A (not so) Brief Introduction
2:10 AM, September 6th 2011.
Here I sit. In a room. In front of a computer, one I would have never imagined owning. It is funny; looking back on the past’s events and realising exactly how you got to where you currently are. Would you have expected things to turn out this way? What exactly made you so lucky, or unlucky? Is there even such a thing?
If i was so bold to blatantly state that I believe in fate and destiny then more logical individuals would think me silly. I honestly can’t say, but It is interesting watching things in my life unfold. Yes, I tend to step outside of myself (which is something that I think more people should do). I guess that is what makes me a ‘good writer’, my ability to be objective with almost EVERYTHING. It doesn’t mean I am emotionless, rather I am realistic, honest and observant. I am sure there are many who might disagree, those same people will also surely tell you I am extremely emotional and on occasion quite irrational, or even dramatic. But this is MY BLOG, so STFU!
Well, as is my character, I digress. I am one lucky former-son of a bitch, or perhaps destined for greatness. I mean, I say all this now, but there was a time when I thought very little of myself and was, in fact, quite depressed. I’d say for the majority of my 27 years on this earth that has been the case (for as long as I was aware of such a thing anyway). Though I am quite content at the moment with the hand Ive been dealt by life, the universe, or God. I am content with where circumstances have landed me and with what opportunities have afforded me. Right here, and right now; I am happy.
But let me introduce myself. My name is Jasmine Yvette McKay, well it is now. As of May 2011, I finally, after about 3 1/2 years, had my name legally changed. They also went ahead and put an ‘F’ on my state I.D. Lucky me! Oh there goes that notion of luck again!
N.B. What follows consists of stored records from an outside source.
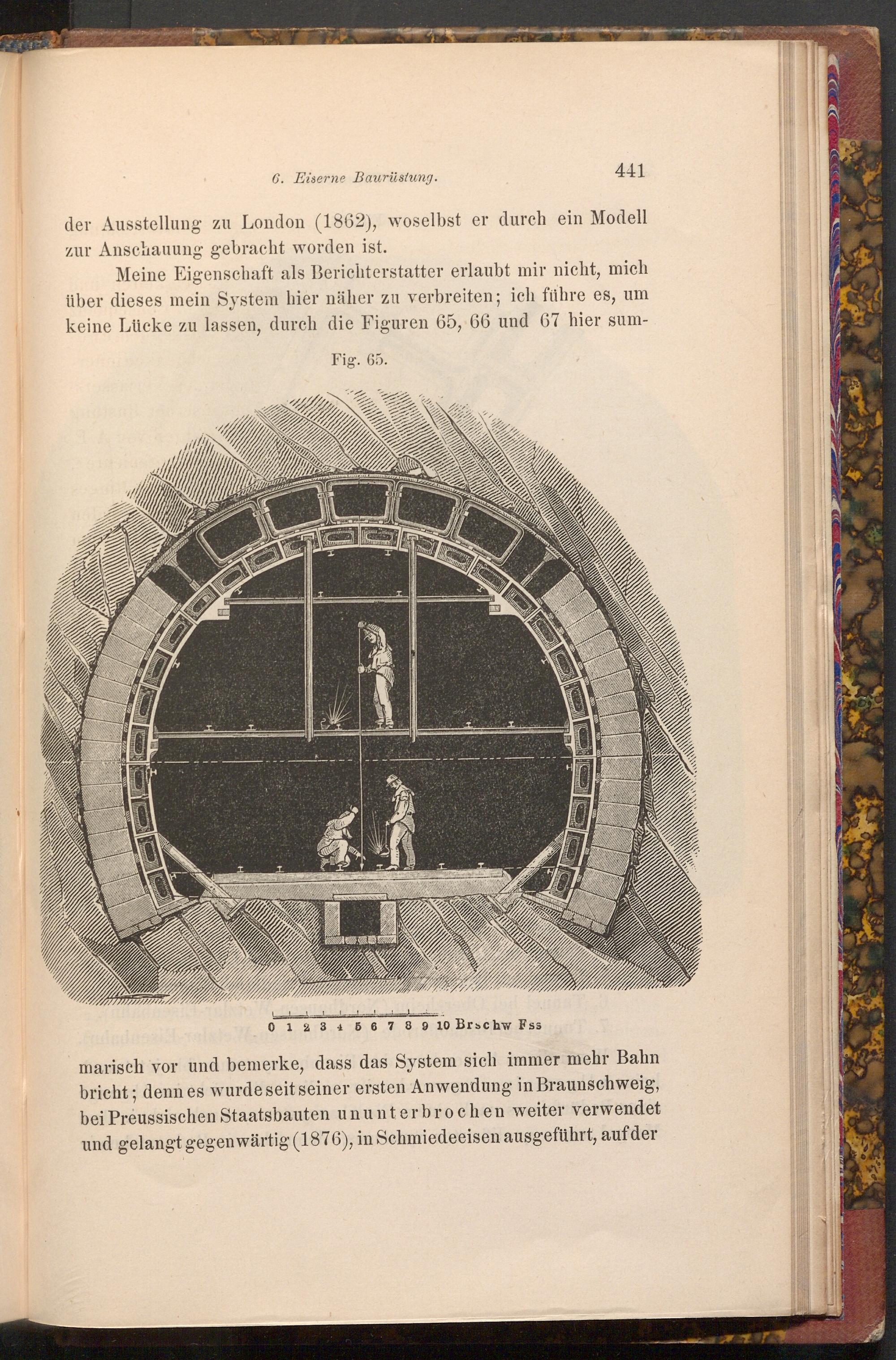 marisch vor und bemerke, dass das System sich immer mehr Bahn bricht; denn es wurde seit seiner ersten Anwendung in Braunschweig, bei Preussischen Staatsbauten ununterbrochen weiter verwendet und gelangt gegenwärtig( 1876), in Schmiedeeisen ausgeführt, auf der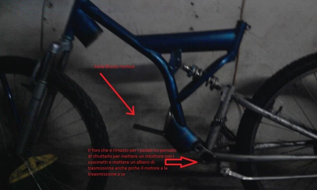 sono nuovo del sito ... Volevo un po parlare di un mio progetto che ormai o quasi terminato.. si tratta di una bici da mountain bike con un motore big bore 50 cc 2 travasi montato nel centro ... cosa ne pensate ?!?! Premetto che devo ancora mettere la foto con il motore montato perché in questo momento non ce lo,la mia idea era imitare una motocross ecco perché ho preferito montare il motore nel centro ed anche per avere più equilibrio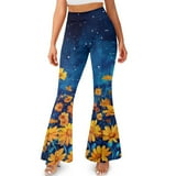 FKELYI Daisy Flower Print Bell Bottom Yoga Pants for Women Teen Girls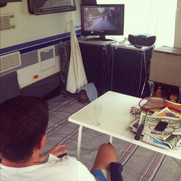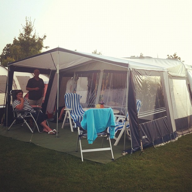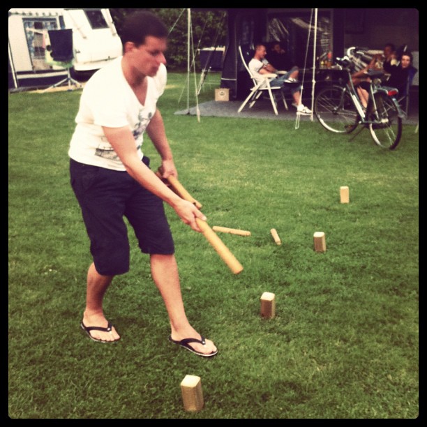 Mijn ouders zitten al een week op camping Marveld in Groenlo (4) en dus besloten we om daar gezellig een dagje op visite te gaan. Ze hebben altijd een tv bij zich, dus gelukkig konden we de Olympische Spelen gewoon volgen. (5) We gingen uiteten bij een barbecue-restaurant waar je zelf spiesen moest rijgen en vervolgens braden. (6) Natuurlijk moesten al die calorieén er ook weer af, dus deed ik (net als vroeger) een fanatiek potje badminton met mijn pa. (7 t/m 9) Johan waagde zich aan een of ander spel met houten klosjes, dat hij en mijn pa van de overburen hadden geleend. (10)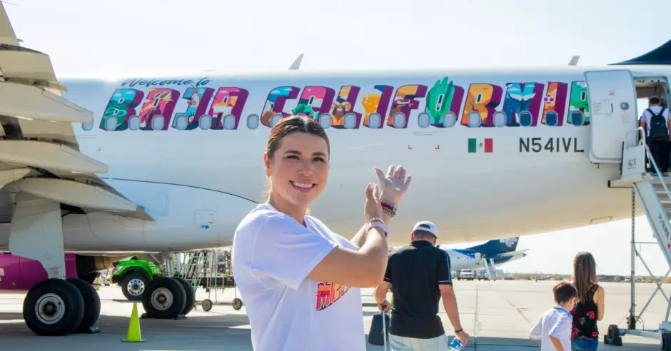 La gobernadora asistió a la puesta en marcha de un avión rotulado con la campaña Welcome to Baja, de la empresa Volaris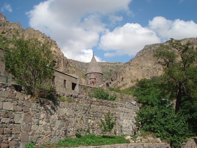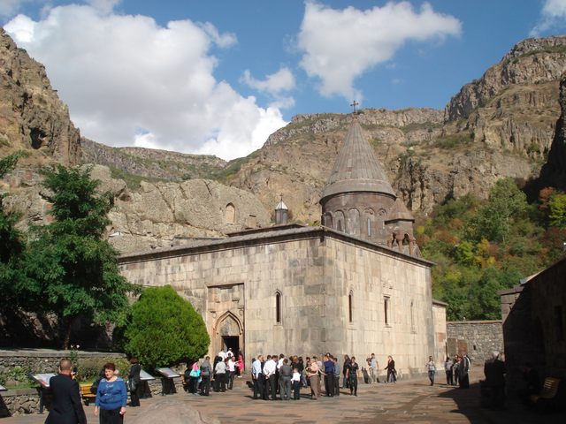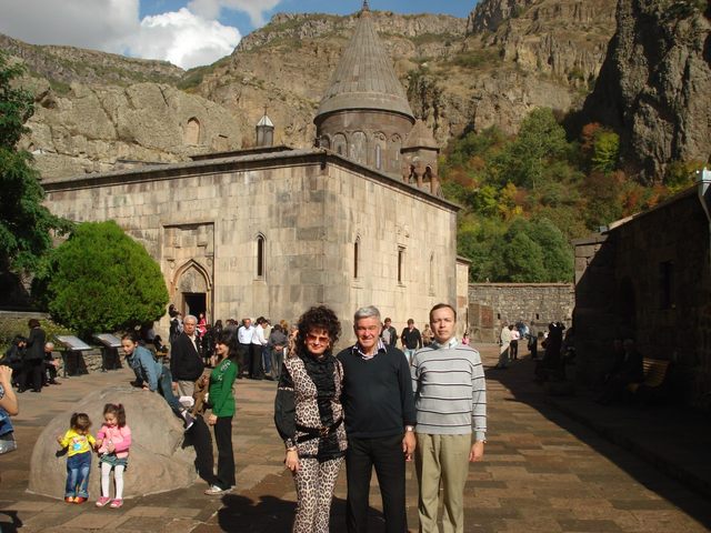 Монастырь Гегард или Гегардаванк (в древности Айриванк) расположен в ущелье среди высоких гор, на правом берегу реки Азат. Бог соединил здесь в единое целое человека, монастырь и природу. Монастырь был назван Гегард в XII–XIII вв., потому что здесь много лет хранилось копье сотника Лонгина (гегард – копье на древнеармянском). Всемирную славу Гегарду принесли пещерная церковь, усыпальница князей Прошянов, усыпальница-притвор Папака и его супруги Рузухан. В монастыре очень сурово из-за аскетической природы, соединившейся с причудливым зодчеством. Здесь мы видели многочисленные естественные и высеченные пещеры, хачкары и кельи, в которых когда-то подвизались древние христианские подвижники.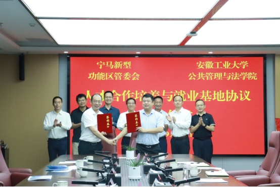 领导班子全体成员陪同校学工部负责人至马鞍山市宁马新型功能区考察调研,并签署人才合作培养与就业基地协议。宁马新型功能区党工委副书记、管委会专职副主任申凯,党工委委员、管委会副主任何耀,博望中安振兴副总经理刘飒,以及宁马新型功能区经济发展局、区域合作局、人才综合服务中心等部门负责人陪同调研和参加签约仪式。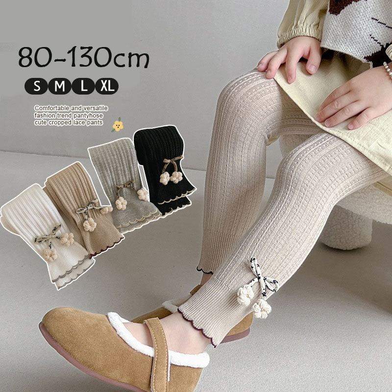 女の子 レギンス 綿混 花柄 リボン 9分丈 スパッツ 子供服 キッズ ベビー レギンスパンツ タイツ ボトムス 春 秋 80 90 100 110 130cm シンプル カジュアル 120

I mean, I seriously was in the process of being kicked out of my mother’s house for the 3rd or 4th time. That time was a rather brief stint of a month, where I had to ‘peel’ and dawn men’s clothes, which I hadn’t done in years. It was a condition to being under my mother’s roof. She would allow her son, and not whatever it was I had become, shelter. Even then, I was lucky, though I might not have felt it. I see it now. In fact almost every adverse obstacle I might have endured, in hind sight, was likely a good thing. It makes me who I am.
A brief anecdote; If you have ever seen the show The Misfits, the British sci-fi/comedy series about 5 young offenders who obtain mysterious powers from a hail storm in Asbo, you might recall the moments where they played with the idea of disrupting the time space continuum. Or honestly in almost any science fiction that involves such a thing. Asthon Kutcher’s The Butterfly Effect for instance shows us that sometimes bad things have to happen in order for the future (or the present) to turn out ‘good’, whatever that might mean. Perhaps we simply endure so much pain and strife that we learn to appreciate anything slightly ‘better’ than the past.
That is how I feel. I’ve endured a shit ton of horrible and unfortunate events that I would rather have done with out, but I know that if I hadn’t I wouldn’t be who I am where I am. So who am I?
I don’t think there is a finite answer to that question. What I do know is this; I’ll never be the same person twice.